3冠達成の瞬間、早田ひな選手はガッツポーズでしゃがみこんだ。苦しい局面を巻き返しての栄光。22歳のサウスポーは、全日本卓球で女子4人目となる偉業を達成したのだ。昨年はあと一歩で快挙を逃した。それだけに相当な覚悟をもって挑んだ今大会だったはず。早田選手の歓喜の涙は、「苦境でも勝てる選手」だと訴えているようだった。

全日本卓球における3冠。シングルス、混合ダブルス、女子ダブルスの三つを独占する難しさは、自身が一番知っている。

昨年は混合、女子の2つのダブルスを制しながら、シングルス決勝で敗れて、偉業を成し遂げることはできなかった。大会期間中、ピークを持続することは難しいのだ。

来年はパリ五輪が行われる。2年前の東京五輪ではリザーブに回り、出場機会のなかった早田選手。

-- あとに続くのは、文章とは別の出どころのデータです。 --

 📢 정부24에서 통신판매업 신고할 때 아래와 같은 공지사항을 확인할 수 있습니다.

自分が「ナンバーワン」であることを印象付けるためには、シングルスで優勝、そして3冠という偉業を成し遂げたいはずだ。

今大会、26日には張本智和選手との混合ダブルスで1冠、28日には女子ダブルスで伊藤美誠選手とコンビを組んで2冠目を手にしていた。

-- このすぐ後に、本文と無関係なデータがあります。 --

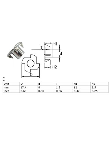 uxcell 50Pcs 4 Prongs Zinc Plated T-Nut Tee Nut Fixing M6 x 12mm

3冠へ王手をかけていた29日の決勝。序盤は苦しい戦いを強いられた。9-11、11-13と競りながら、木原美悠選手に2ゲーム連取された。

昨年の苦い記憶がよみがえったかもしれない。しかし早田選手は「1回負けを認めた」。この開き直りが、逆にパワーとなったのだ。「逆にこれで勝てたらすごいな。人間、誰だって負けることはあるから大丈夫」と言い聞かせたのが奏功したのだ。

3ゲーム以降、11-5、11-8、11-7と逆転し、3年ぶり2度目となるシングルス優勝に王手をかけたのだ。

6ゲーム目。10-8と「リーチ」をかけながら、木原に追いつかれでジュースとなった。あと一歩で優勝のはずが追いつかれた。精神的にはつらいはずだ。

それでも一度、負けを覚悟した早田選手の心は揺るがない。ここから2点を連取して試合を決めた。史上4人目の女子3冠達成者となったのだ。

いろんな思いが去来したのだろう。優勝が決まり、ガッツポーズをしたまま、しゃがみこんでしまった。3冠の重圧。シングルス決勝での厳しい展開。東京五輪に出られなかった悔しさ。

それらすべてを振り払って偉業を達成したのだ。1960年度の山泉和子さん、2015年度の石川佳純選手、17、18年度の伊藤美誠選手に続く4人目となった。

早田選手は「苦境でも勝てる選手」とアピールできただろう。パリ五輪にはこのような選手が必要だ。

3冠を達成し、これが自信となって、さらなる活躍を見せてくれるはずだ。「3冠女王」の早田選手の活躍を、これからも見守りたい。